#### Information shown
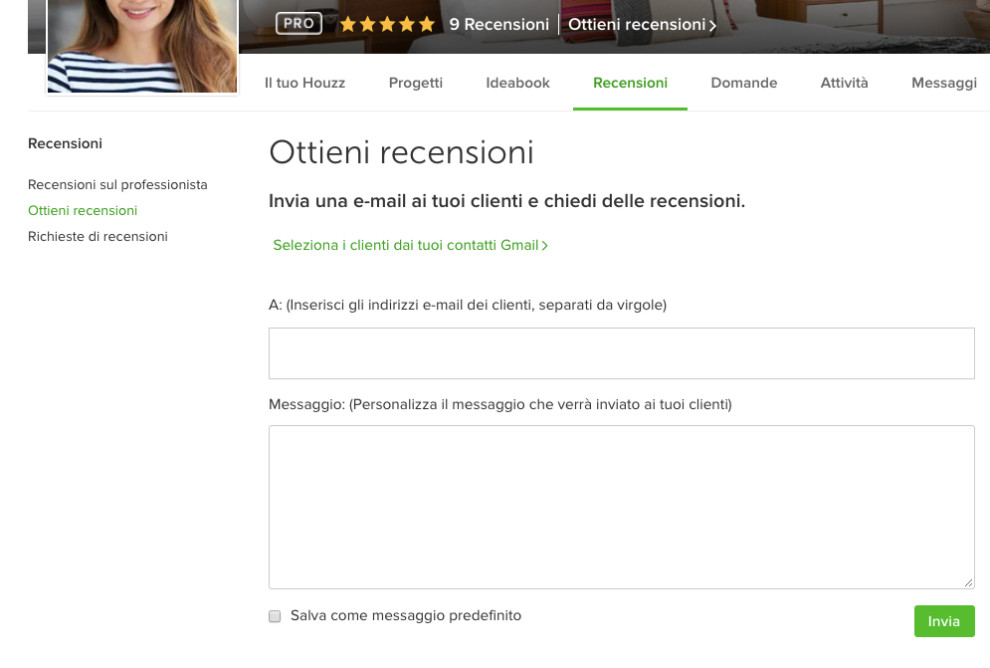 Per cominciare a ricevere recensioni, non devi fare altro che cliccare sul tab “Ottieni recensioni” presente nel tuo profilo Houzz e inserire gli indirizzi email dei tuoi clienti, precedenti o attuali*. Puoi inviare loro un messaggio personalizzato chiedendo loro di scriverti una recensione su Houzz in merito al tuo lavoro.
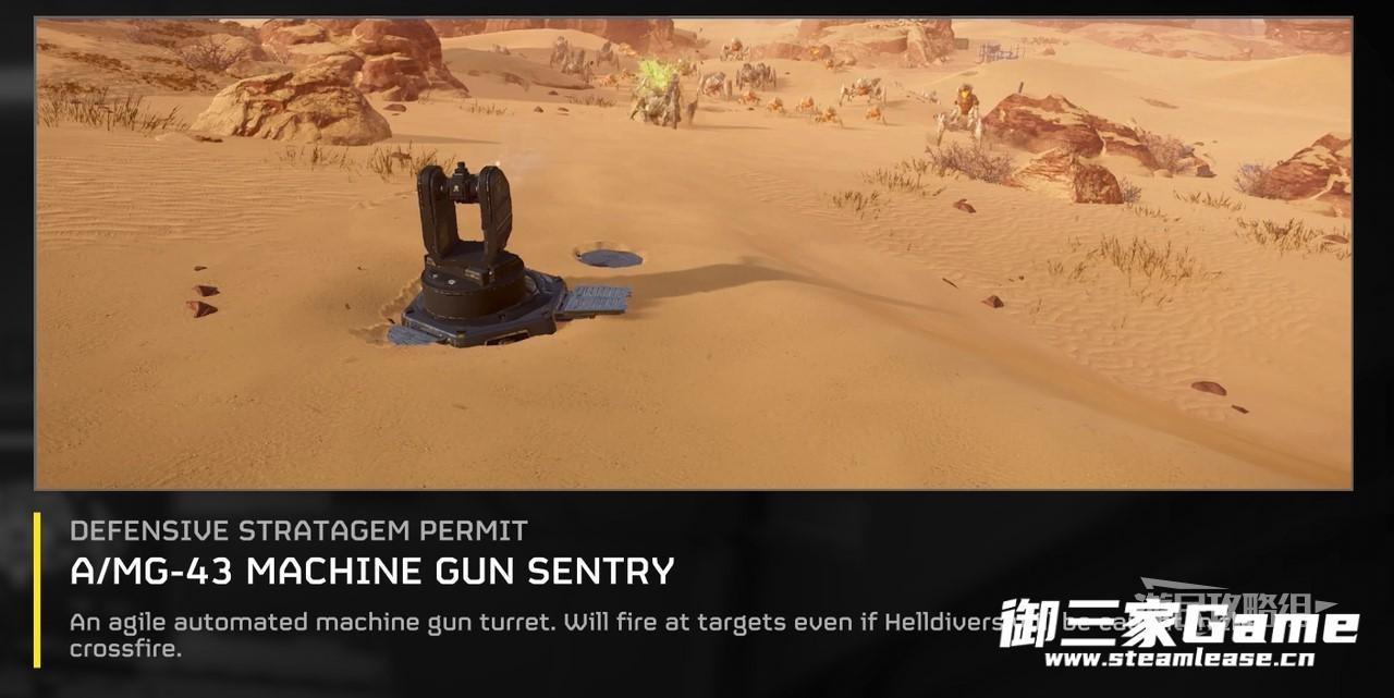 无论是单人还是多人合作,A/MG-43哨戒机枪都是非常便捷的战略配备之一,尤其是前期需要快速升级时。A/MG-43哨戒机枪在2级时即可解锁,短短3秒钟内即可拥有一个能够迅速移动并高速开火的炮台,来应对各个星球上密集的虫群或机器人。当有多个敌人同时接近时,建议使用A/MG-43哨戒机枪来帮助完成火力压制,在单人游戏中可以防止被包围,多人游戏中可以增加火力。
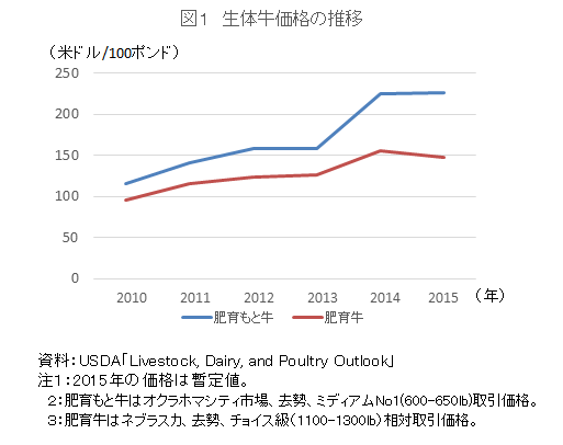 飼養頭数を種類別に見ると、肉用牛については、繁殖雌牛(経産牛)が同3.5%増の3033万頭、2017年以降の牛飼養頭数に影響してくる繁殖後継牛も、同3.3%増の629万頭となった。これは、肥育もと牛の価格が2015年の特に前半まで堅調に推移し、生産者の生産意欲を刺激したためと考えられる(図1)。

#### Try it
In the printed copy, the material above must appear unchanged and without its pictures.

#### Result below
 Per cominciare a ricevere recensioni, non devi fare altro che cliccare sul tab “Ottieni recensioni” presente nel tuo profilo Houzz e inserire gli indirizzi email dei tuoi clienti, precedenti o attuali*. Puoi inviare loro un messaggio personalizzato chiedendo loro di scriverti una recensione su Houzz in merito al tuo lavoro.
 无论是单人还是多人合作,A/MG-43哨戒机枪都是非常便捷的战略配备之一,尤其是前期需要快速升级时。A/MG-43哨戒机枪在2级时即可解锁,短短3秒钟内即可拥有一个能够迅速移动并高速开火的炮台,来应对各个星球上密集的虫群或机器人。当有多个敌人同时接近时,建议使用A/MG-43哨戒机枪来帮助完成火力压制,在单人游戏中可以防止被包围,多人游戏中可以增加火力。
 飼養頭数を種類別に見ると、肉用牛については、繁殖雌牛(経産牛)が同3.5%増の3033万頭、2017年以降の牛飼養頭数に影響してくる繁殖後継牛も、同3.3%増の629万頭となった。これは、肥育もと牛の価格が2015年の特に前半まで堅調に推移し、生産者の生産意欲を刺激したためと考えられる(図1)。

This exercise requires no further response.